MIDDLETOWN >> If you think the Middletown Mustangs’ run of North Central League I girls’ soccer championships — now at seven straight — is in danger of ending anytime soon, you may be disappointed.
While Middletown’s roster is loaded with veterans again this season with the likes of seniors Ashlyn Welton (sweeper), Kaleigh Alves (forward/midfielder) and Rosie Emerson (midfielder), juniors Madison Ketchum (center/forward), Caitlin Lemoine (forward), Lucy Schisler (keeper) and Alley Tallman (midfielder), and sophomores Gracie Armstrong (stopper), Estefani Hurtado (defender), Courtney Gillies (midfielder), Alyssa Ferguson (forward/midfielder) and Jessica Contreras (defender), the freshman group coming up is something to behold, according to head coach Amy Emerson, who is entering her second season at the helm of the Mustangs.

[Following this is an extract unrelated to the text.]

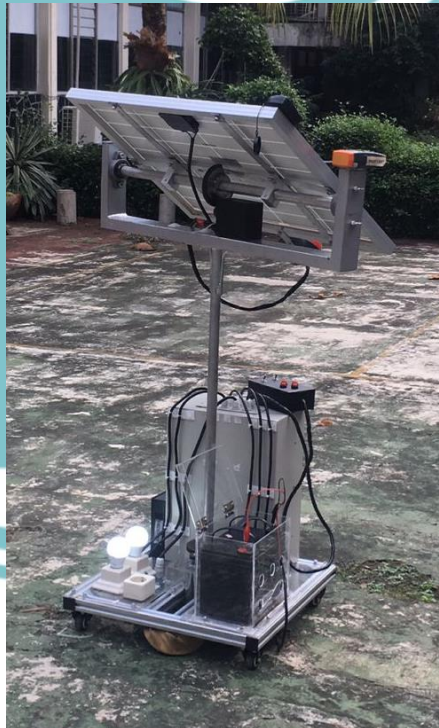
Gambar dokumentasi alat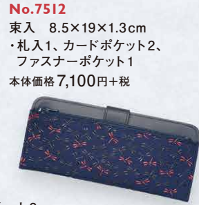
No.7512 束入 8.5×19×1.3cm ・札入1、カードポケット2、 ファスナーポケット1 本体価格 7,100円+税

“We’re excited about all of our freshmen,” Emerson said. “This is going to be the next superstar group. And they have such great attitudes.”

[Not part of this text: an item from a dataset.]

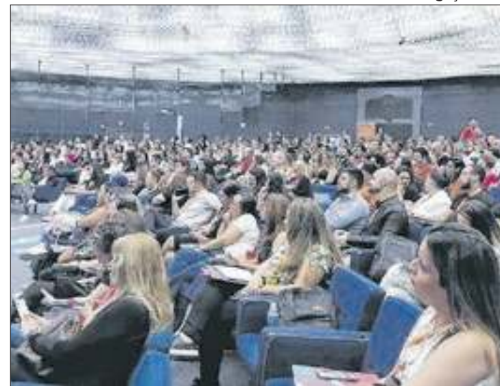
Encontro de profissionais movimentará categoria

Those players include a handful of last names familiar to Middletown soccer and sports fans — Kelsey Lemoine, a freshman defender and younger sister of Caitlin; Kassi Agapoff, a forward; Maya Colacion, a defender, Ellie Bazzano, a forward/midfielder; Ari Ahldtedt and Julisa Garcia, a forward/midfielder.
“She (Garcia) has a natural feel for the ball, where it needs to be played,” Emerson said. “Ellie can pretty much play all over. She’s wicked fast.”
Colacion, whose older sister Paloma was a Middletown standout, “is perfectly suited for it (defense),” Emerson said.
Another player who will lend depth to the squad is new to Middletown but not the sport of soccer. Napa transfer Ana Candelari, a senior, will play in the midfield and back on defense.
Rounding out the Middletown squard are junior defense Jennifer Pamatz and senior midfielder/forward Emma Quillen.
Lack of adequate depth was the only real knock on Middletown’s 15-3-3 squad of a year ago, a team that made it as far as the North Coast Section Division III semifinals before losing to St. Vincent, a setback that cost the Mustangs a third straight trip to the sectional finals — they won it all in 2012 and were the runner-up in 2013.
“We have players who can fill in this year and we don’t have to worry about it,” Emerson said. “There are no steep drop-offs (in talent).”
Middletown’s goal this season, apart from running its league championship streak to eight, is returning to the sectional championship game for a third time in four years. Anything else will be a disappointment, according to Emerson.
“They (seniors) are dead set on going all the way,” she said. “They want to go as far as they possibly can go. That’s how they want to go out before they graduate.”
Welton, Alves and Emerson all played on Middletown’s section championship squad in 2012 and have been playing soccer together for the better part of a decade, according to Emerson.
“They’re such a hard working group I don’t even have to tell them what to do,” Emerson said. “They know each other as well as you can. They are a special group.”